In this section we show a few more examples of visualizations, combined with various data processing operations, that can provide additional insight into data. We focus on characterizations of the historical wildfire data.

Wildfire sizes and durations

The raw wildfire dataset contained information about estimated fire sizes (GIS_ACRES = number of acres burned), and we augmented that dataset to add additional information about the temporal duration of fires. Histograms are a useful way of summarizing the distributions of fire sizes and durations. The pyplot module in matplotlib provides a function for plotting histograms (which uses the numpy histogram function to do the computation), as well as many other functions for configuring plot layouts, labels, etc. In the code below, we create a two-panel subplot to examine both the size and duration distributions.

Wildfire size and duration distributions
Wildfire size and duration distributions

Because the fire sizes and durations are spread out over a wide range of values, it is useful in this case to plot their distributions on a log-log scale (plt.loglog(). The fact that these histograms reveal an approximately linear relationship on a log-log scale indicates a power-law relationship in the distributions themselves. A power-law distribution of fire sizes has been investigated in simple models of forest fire dynamics.

We might expect some sort of correlation between duration and size, i.e., that bigger fires should probably tend to last longer. We can take a look at their relationship with a scatter plot:

Scatter plot of fire sizes and durations
Scatter plot of fire sizes and durations

It's not obvious whether or not there is much correlation between size and duration in the historical data — we will revisit this question in Part 2 of the tutorial. For the meantime, however, we can get a bit more insight into the data by including a different layer of data in our plot. Specifically, we can repeat the scatter plot, but color each point for which AGENCY is responsible for dealing with the fire. The fact that fire sizes and durations seem to cluster somewhat based on the cognizant agency suggests that there may be different management practices or suppression policies used by different agencies that are contributing to some of the scatter in the data.

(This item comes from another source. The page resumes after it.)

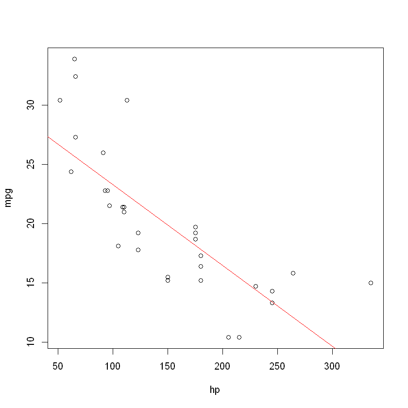 # 시각화 plot(mpg~hp, data = mtcars) # 회귀모델 구하기 Lm <- lm(mpg~hp, data = mtcars) abline(Lm, col='red')

Scatter plot of fire sizes and durations, colored by the relevant agency responsible for dealing with the fire
Scatter plot of fire sizes and durations, colored by the relevant agency responsible for dealing with the fire

While we will not show examples here, we do want to point out the Seaborn provides a number of useful functions for summarizing data distributions.

Exercise: Are fires getting worse over time?

With this dataset, we can also examine changes in wildfire intensity over the years. If you'd like to get some additional hands-on experience with data processing and visualization, proceed to the Wildfire Jupyter notebook and work through the exercise at the end addressing this question about whether wildfires are getting worse over time. The plot that you end up making should look like the figure below.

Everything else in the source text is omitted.